Кузен обрызгал лицо капитана Тинонга водой, и несчастный пришел в себя.
— Не надо плакать! Inveni remedium — я нашел выход. Давайте перенесем его в постель. Ну-ка! Мужайтесь! Ведь с вами я и вся премудрость древних… Позовите лекаря, а ты, кузина, сейчас же иди к генерал-губернатору и отнеси ему подарок, золотую цепь или кольцо… Dadivae quebrantant penas[195], скажешь, что это, мол, рождественский подарок. Заприте окна, двери, и каждому, кто спросит о моем кузене, говорите, что он тяжело болен. А в это время я сожгу все письма, бумаги и книги, чтобы потом ничего не нашли, как это сделал дон Крисостомо. Scripti testes sunt! Quod medicamenta non sanant, ferrum sanat, quod ferrum non sanat, ignis sanat[196].

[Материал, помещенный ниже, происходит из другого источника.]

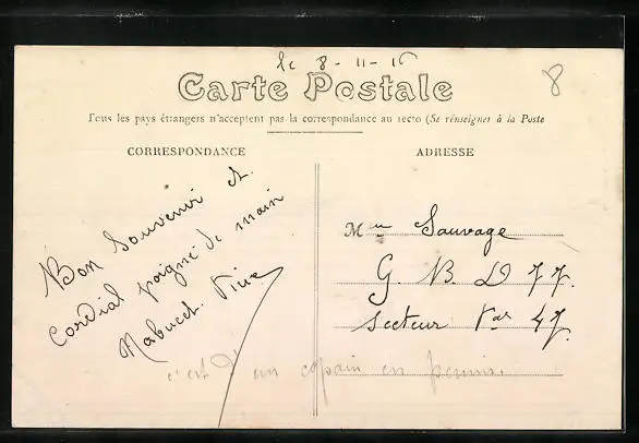 Personenbezogene Daten auf der Rückseite der Karte wurden durch blauen Textmarker unkenntlich gemacht. Die blauen Stellen sind auf die Vorderseite durchgeweicht und wirken sich negativ auf das Postkartenfoto aus
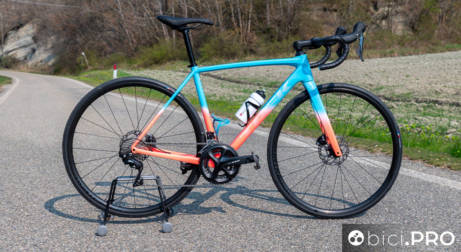 Si tratta di una taglia 54, con un valore alla bilancia rilevato di 9 chilogrammi netti. Un montaggio sostanzioso che nulla fa per abbassare il peso. Attacco e piega Bontrager in alluminio, così come il reggisella. Sella Bontrager, non in carbonio e trasmissione Shimano 105 2×11. Ruote Bontrager in alluminio con un profilo basso (compatibili anche con i tubeless) e gomme Bontrager da 25. I dischi dei freni sono da 160 millimetri di diametro. Il prezzo di listino è di 2.599 euro.
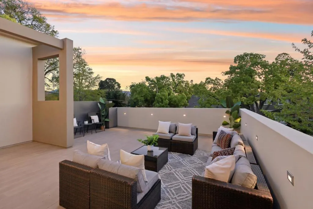 Welcome to this contemporary home built in 2020, on a picturesque tree-lined street in one of Willow Glens most coveted neighborhoods. Offering 4 beds + office & 3.5 baths on an expansive 8,238 sq ft corner lot. This home combines modern design w/ exceptional livability featuring one of the grandest entries in Silicon Valley, highlighted by dramatic cathedral ceilings that create an immediate sense of scale & elegance. High ceilings extend throughout, including rare 10 ft ceilings upstairs, enhancing the open & airy feel. The living areas are framed by a modern staircase & walls of windows that flood the space w/natural light. Thoughtfully designed w/ high-end finishes: wood flooring, custom wall textures,Hunter Douglas coverings,Toto fixtures,& custom organizers. The chefs kitchen is equipped w/ Sub-Zero & Miele appliances, waterfall island,& walk-in pantry. The family room opens to a low-maintenance yard through expansive doors, creating seamless indoor-outdoor living. Downstairs includes an en-suite bedroom & office. Primary suite offers a spa-like bath,& private balcony, while secondary bedrooms are spacious & filled w/ natural light. A rooftop terrace provides a peaceful retreat. Ideally located just minutes from downtown WG, parks, schools, dining, & major tech employers.
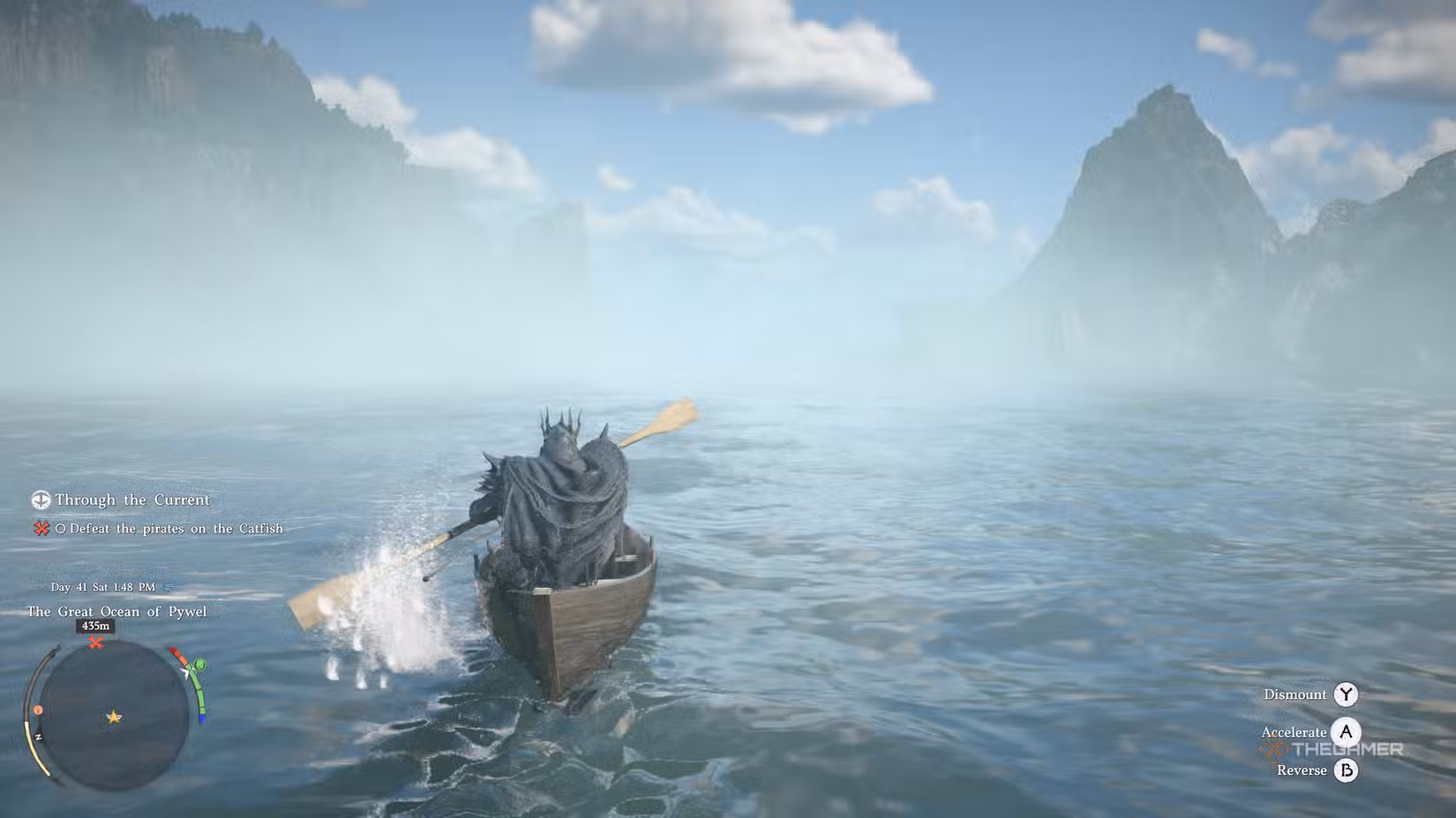 Pilot the boat southeast of Vellua Village into open water. Soon, you’ll spot a pirate ship called the Singing Catfish. Be cautious, as the water around the ship is scattered with mines. Carefully weave around them as you approach.

— Да, бери, кузен. Жги все! — сказала капитанша Тинонг. — Вот тебе ключи, вот письма капитана Тьяго, сожги их! Чтоб ни одной европейской газеты не осталось, они все опасные. Вот тут эти самые «Таймс», которые я хранила, чтобы заворачивать мыло и белье. А здесь книги.
— Иди к генерал-губернатору, кузина, — говорил дон Примитиво. — Оставь меня одного in extremis extrema[197]. Дай мне власть римского диктатора, и увидишь, я спасу роди… я хочу сказать, моего кузена.
И он стал отдавать приказания налево и направо, выгребать книги из шкафов, рвать письма и бумаги. Скоро в кухне запылал большой костер. Рубили старые ружья, швыряли в отхожее место заржавленные револьверы. Служанка, хотевшая припрятать дуло одного ружья для раздувания огня в печке, получила нагоняй.
— Conservare etiam sperasti, perfida?[198] В огонь его!
И аутодафе продолжалось.
Вдруг он увидел старую рукопись на пергаменте и прочитал название:
— «Круговороты небесных тел. Коперник». Фу! Ite maledicti, in ignem salanis[199], — воскликнул он, швырнув ее в пламя. — Круговороты, перевороты, Коперник! Преступление за преступлением! Не подоспей я вовремя… «Свобода на Филиппинах»[200]. Та-та-та! Ну и книжки! В огонь!
Сжигались и вполне невинные сочинения, написанные бесталанными авторами. Даже «Капитану Хуану», этой глупенькой книжонке, не удалось спастись. Кузен Примитиво был прав: праведники расплачивались за грешников.
Пятью-шестью часами позже на одном званом вечере в доме, расположенном в центре города, гости обменивались мнениями по поводу недавних событий. Там были старухи и старые девы на выданье, жены и дочери чиновников в длинных платьях. Они обмахивались веерами и зевали. Среди мужчин, лица которых, как и лица женщин, говорили об их образовании и происхождении, был пожилой однорукий сеньор невысокого роста; все обращались к нему с глубоким почтением, а он хранил презрительное молчание.
— Раньше я, по правде говоря, терпеть не могла монахов и жандармов, они так плохо воспитаны! — говорила одна толстая дама. — Но теперь я поняла их заслуги и всю их пользу; я даже готова выйти замуж за любого из них. Я — патриотка.